▶ _Directions for this task_: Leave out the pictures and restate the rest of the data exactly.

▶ _Provided material_:

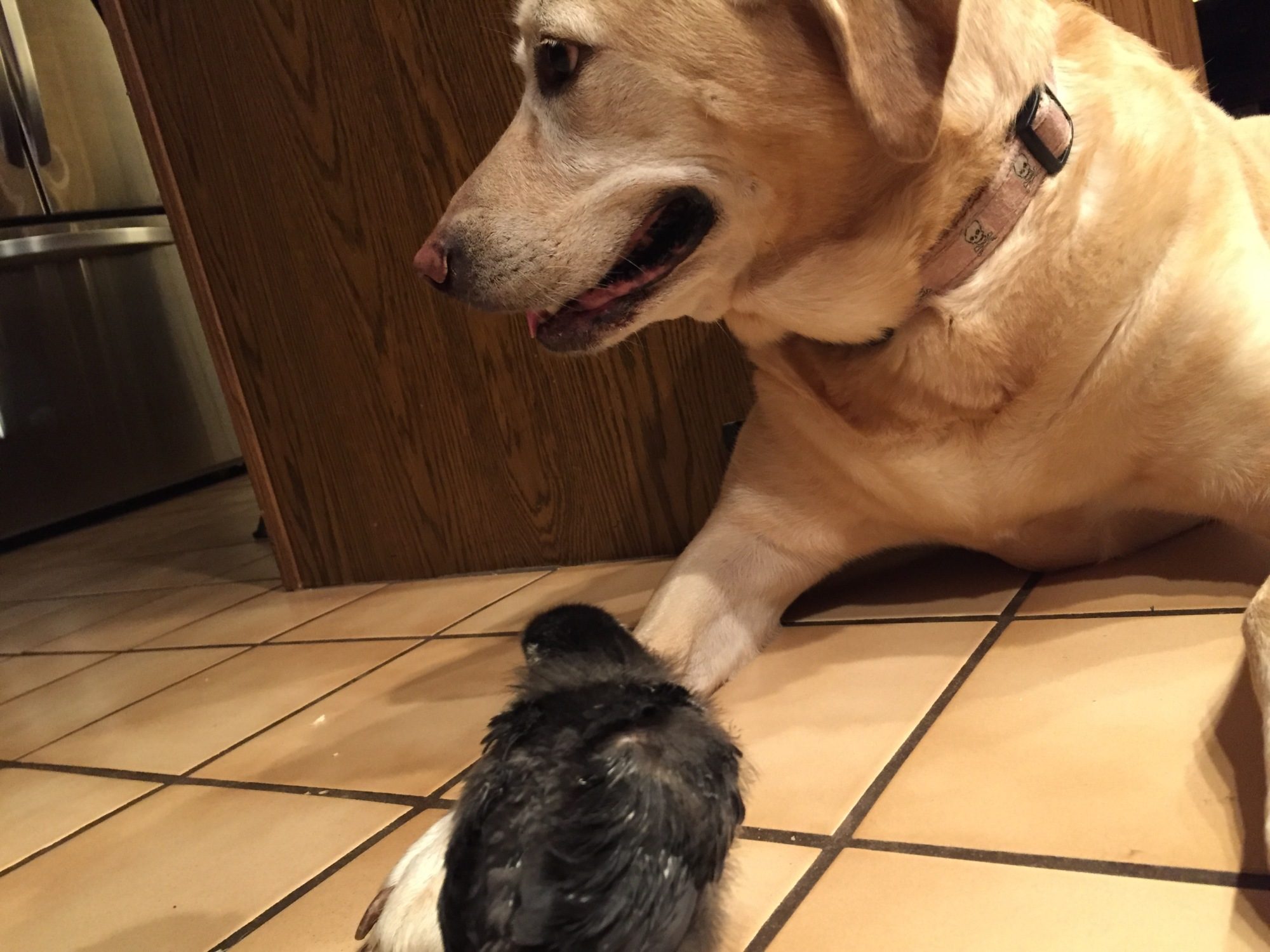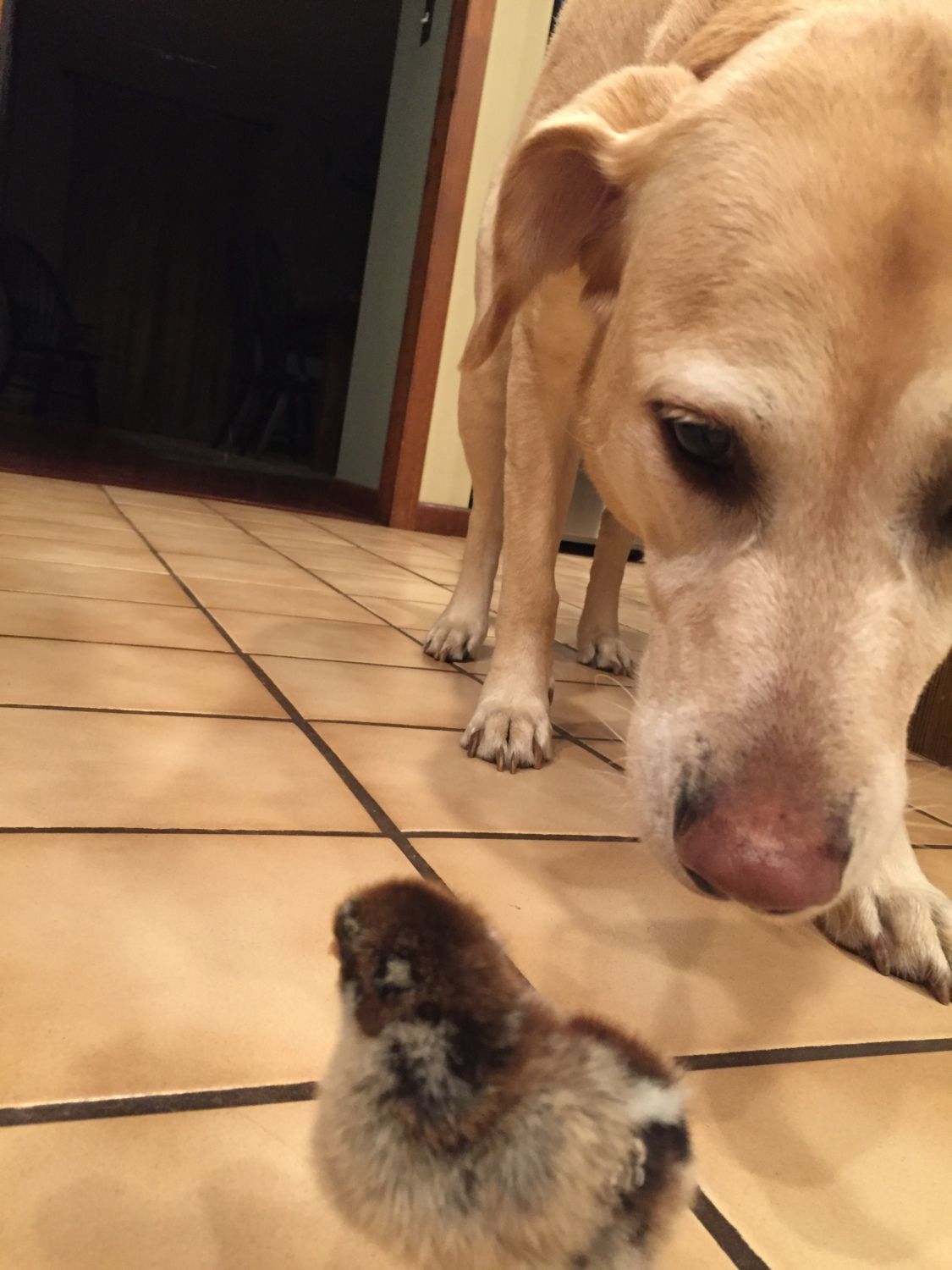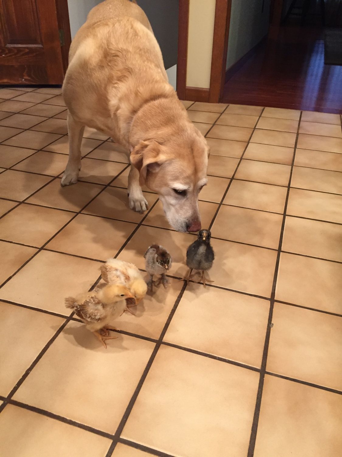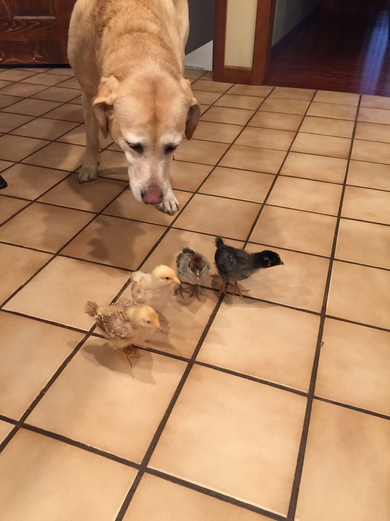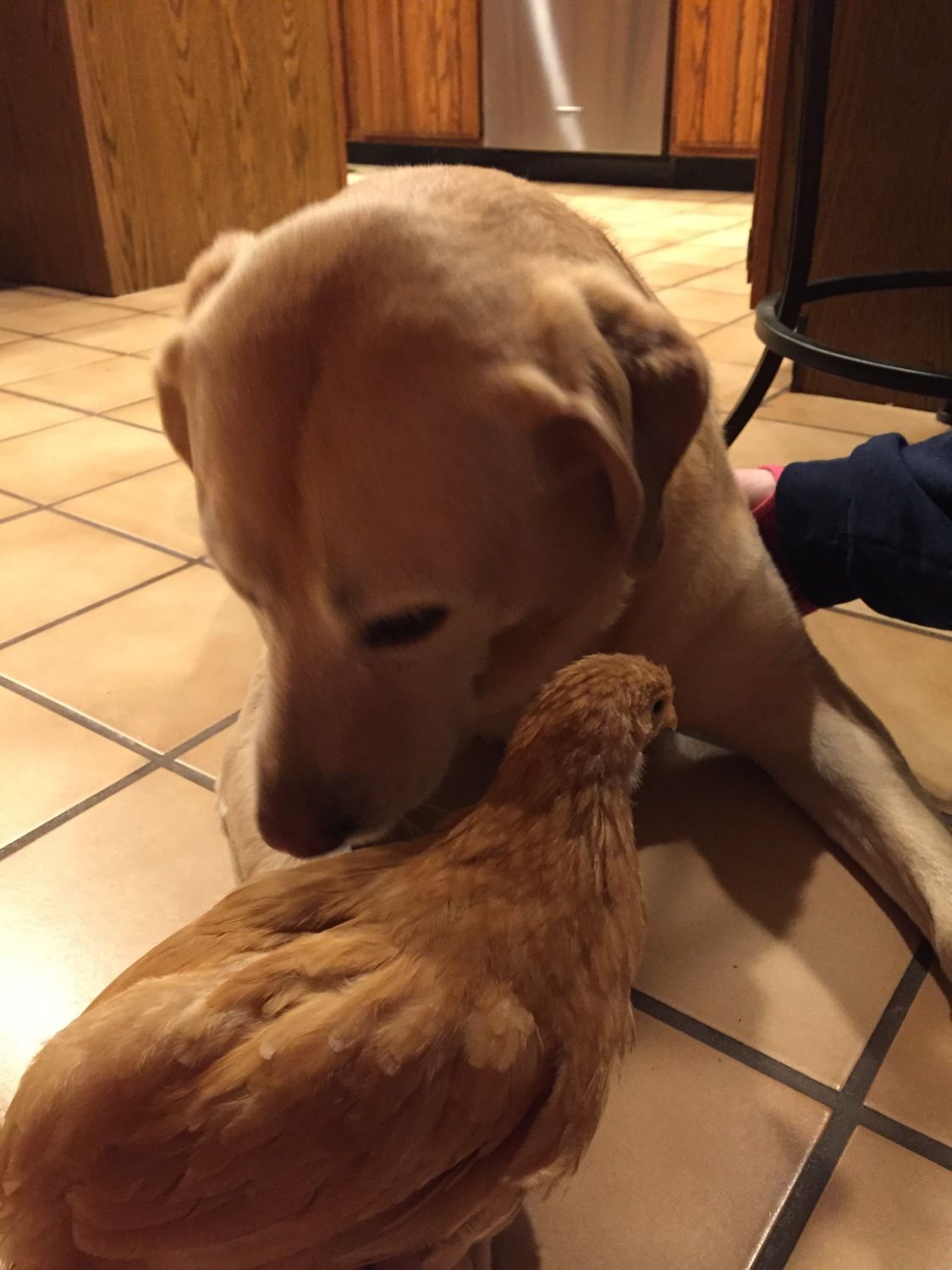 We have a seven year old lab that still thinks she's a puppy. One of our large concerns was how she would be around the chickens...the last thing we wanted was for her to think they were a new toy and start chewing on them!
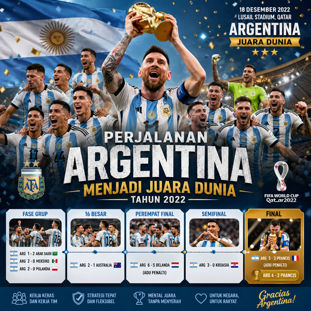 Kemenangan Argentina di Piala Dunia 2022 bukan hanya sekadar trofi, tetapi juga menjadi warisan sejarah yang memperkuat posisi mereka di dunia sepak bola. Lionel Messi akhirnya melengkapi kariernya dengan gelar dunia yang paling diidamkan, sementara Argentina kembali mengangkat trofi setelah penantian panjang. Dalam konteks E-E-A-T, pembahasan ini menekankan pengalaman, kepemimpinan, konsistensi, dan sumber informasi yang dapat dipercaya sebagai dasar memahami perjalanan besar sebuah tim. Perjalanan Argentina menjadi juara dunia tahun 2022 memberikan pelajaran bahwa kerja keras, strategi tepat, dan mental kuat mampu mengubah tekanan menjadi kemenangan bersejarah.
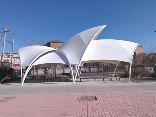 膜结构现在被广泛使用,如出入口、景观、车棚等。接下来,我们将重点介绍膜结构出入口的选择,主要讲述选择时应注意的几个问题,如耐久性、耐火性等。 1.耐久性、抗老化性能、自清洁性能和对各种气候的适应性。 2.钢材的选择:钢材的选择遵循膜材料
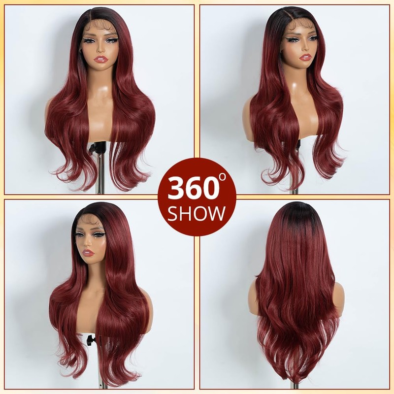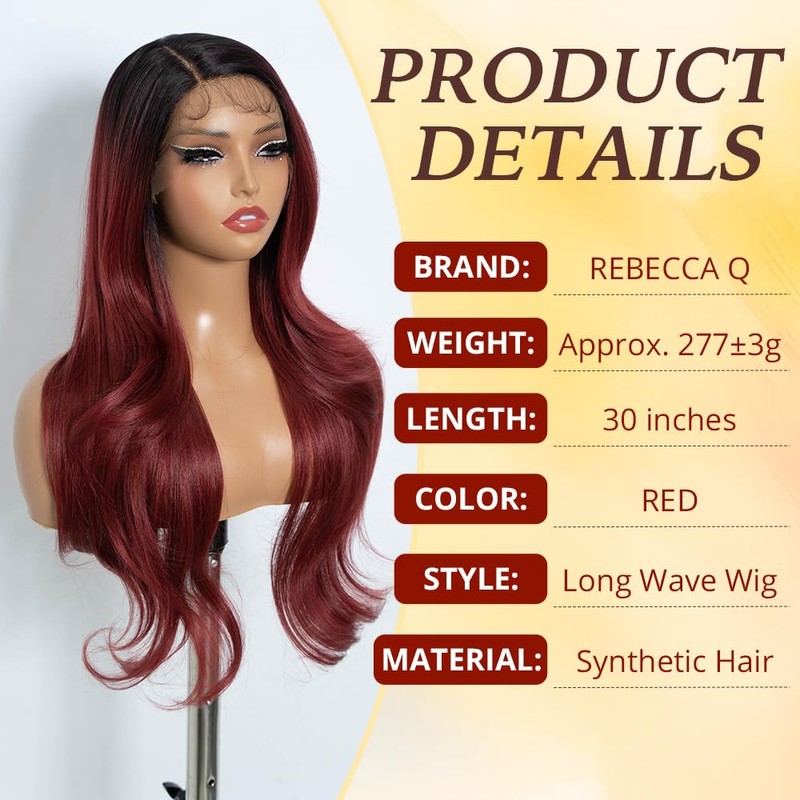 Rebecca Q Long Wavy Wigs for Women Side Part Lace Front Wig Layered wig with Baby Hair Long Red Synthetic Wigs For Daily Cosplay Party 28 inches

▶ _Answer for this exercise_:
 We have a seven year old lab that still thinks she's a puppy. One of our large concerns was how she would be around the chickens...the last thing we wanted was for her to think they were a new toy and start chewing on them!
 Kemenangan Argentina di Piala Dunia 2022 bukan hanya sekadar trofi, tetapi juga menjadi warisan sejarah yang memperkuat posisi mereka di dunia sepak bola. Lionel Messi akhirnya melengkapi kariernya dengan gelar dunia yang paling diidamkan, sementara Argentina kembali mengangkat trofi setelah penantian panjang. Dalam konteks E-E-A-T, pembahasan ini menekankan pengalaman, kepemimpinan, konsistensi, dan sumber informasi yang dapat dipercaya sebagai dasar memahami perjalanan besar sebuah tim. Perjalanan Argentina menjadi juara dunia tahun 2022 memberikan pelajaran bahwa kerja keras, strategi tepat, dan mental kuat mampu mengubah tekanan menjadi kemenangan bersejarah.
 膜结构现在被广泛使用,如出入口、景观、车棚等。接下来,我们将重点介绍膜结构出入口的选择,主要讲述选择时应注意的几个问题,如耐久性、耐火性等。 1.耐久性、抗老化性能、自清洁性能和对各种气候的适应性。 2.钢材的选择:钢材的选择遵循膜材料
 Rebecca Q Long Wavy Wigs for Women Side Part Lace Front Wig Layered wig with Baby Hair Long Red Synthetic Wigs For Daily Cosplay Party 28 inches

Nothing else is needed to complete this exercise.